## Source material
↓↓↓

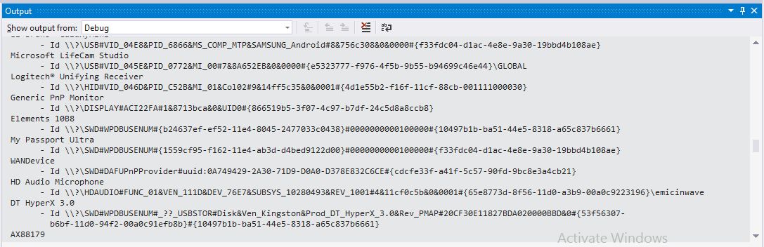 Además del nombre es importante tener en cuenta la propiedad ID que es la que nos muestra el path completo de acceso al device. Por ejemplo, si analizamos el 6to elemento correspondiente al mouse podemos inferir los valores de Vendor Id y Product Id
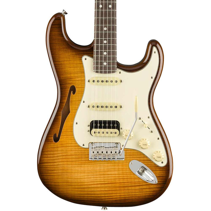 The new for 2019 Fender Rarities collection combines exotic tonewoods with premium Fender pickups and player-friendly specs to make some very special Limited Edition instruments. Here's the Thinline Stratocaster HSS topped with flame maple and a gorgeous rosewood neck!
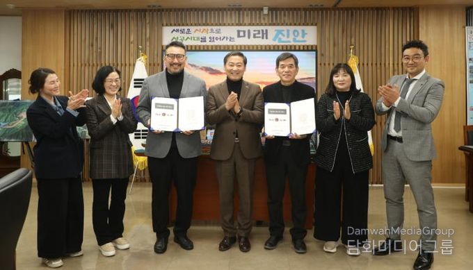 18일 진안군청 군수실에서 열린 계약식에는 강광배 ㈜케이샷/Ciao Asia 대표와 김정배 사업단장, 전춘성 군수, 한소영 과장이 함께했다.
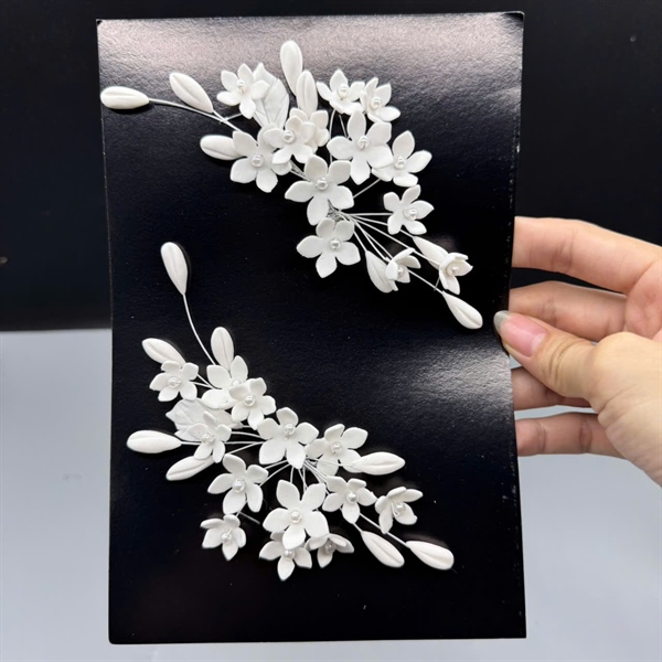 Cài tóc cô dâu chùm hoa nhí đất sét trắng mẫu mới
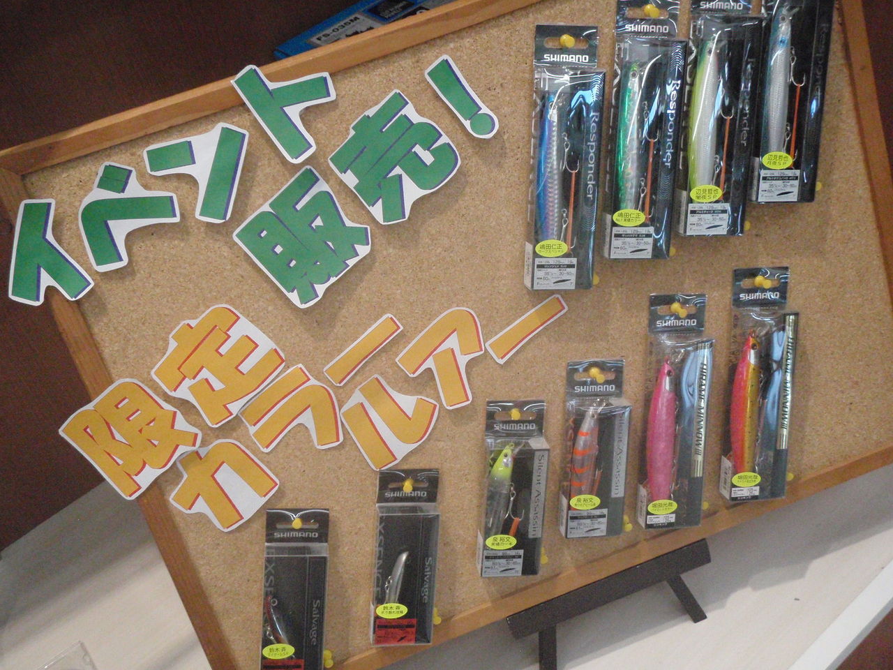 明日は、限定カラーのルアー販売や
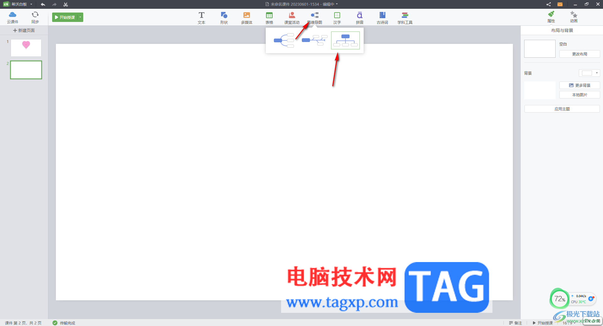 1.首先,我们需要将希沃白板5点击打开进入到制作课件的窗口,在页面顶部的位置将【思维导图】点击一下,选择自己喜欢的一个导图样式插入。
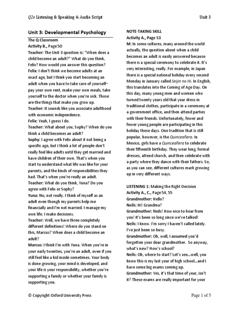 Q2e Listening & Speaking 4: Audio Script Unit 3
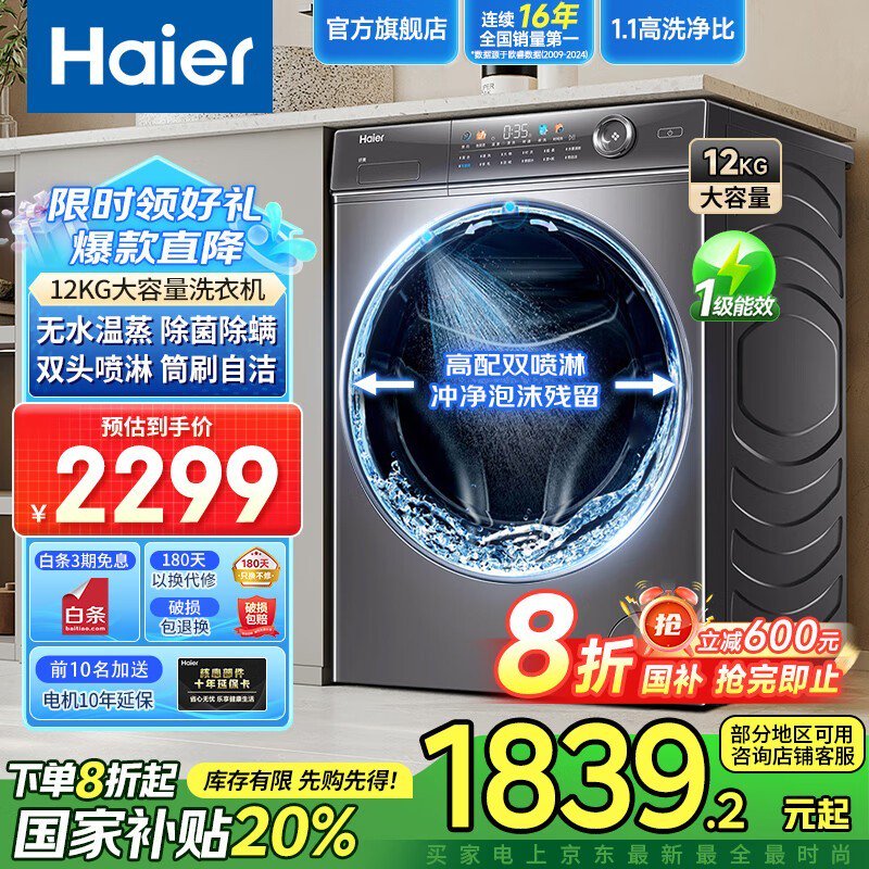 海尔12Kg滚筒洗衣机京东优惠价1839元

↑↑↑
↓↓↓

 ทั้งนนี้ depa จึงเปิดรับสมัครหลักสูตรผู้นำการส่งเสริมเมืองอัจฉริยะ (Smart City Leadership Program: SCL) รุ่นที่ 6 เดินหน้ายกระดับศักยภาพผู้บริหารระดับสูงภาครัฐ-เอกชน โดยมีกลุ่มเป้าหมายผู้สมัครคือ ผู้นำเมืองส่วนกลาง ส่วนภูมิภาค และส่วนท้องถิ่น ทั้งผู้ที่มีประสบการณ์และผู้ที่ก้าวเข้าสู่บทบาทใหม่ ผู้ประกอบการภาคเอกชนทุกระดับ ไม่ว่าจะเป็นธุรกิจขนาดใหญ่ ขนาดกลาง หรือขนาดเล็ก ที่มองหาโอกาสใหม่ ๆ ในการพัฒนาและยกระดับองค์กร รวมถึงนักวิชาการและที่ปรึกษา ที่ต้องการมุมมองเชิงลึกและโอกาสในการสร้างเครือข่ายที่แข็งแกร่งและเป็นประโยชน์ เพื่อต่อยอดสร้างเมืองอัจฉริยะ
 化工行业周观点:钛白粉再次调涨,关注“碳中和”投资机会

↑↑↑

## Problem to work on
The result should be an exact copy of only the lines above from the one that holds "1.首先,我们需要将希沃白板" through the one that holds "海尔12Kg滚筒洗衣机京东优惠价1839元", both ends included, without pictures.

## Task result
 1.首先,我们需要将希沃白板5点击打开进入到制作课件的窗口,在页面顶部的位置将【思维导图】点击一下,选择自己喜欢的一个导图样式插入。
 Q2e Listening & Speaking 4: Audio Script Unit 3
 海尔12Kg滚筒洗衣机京东优惠价1839元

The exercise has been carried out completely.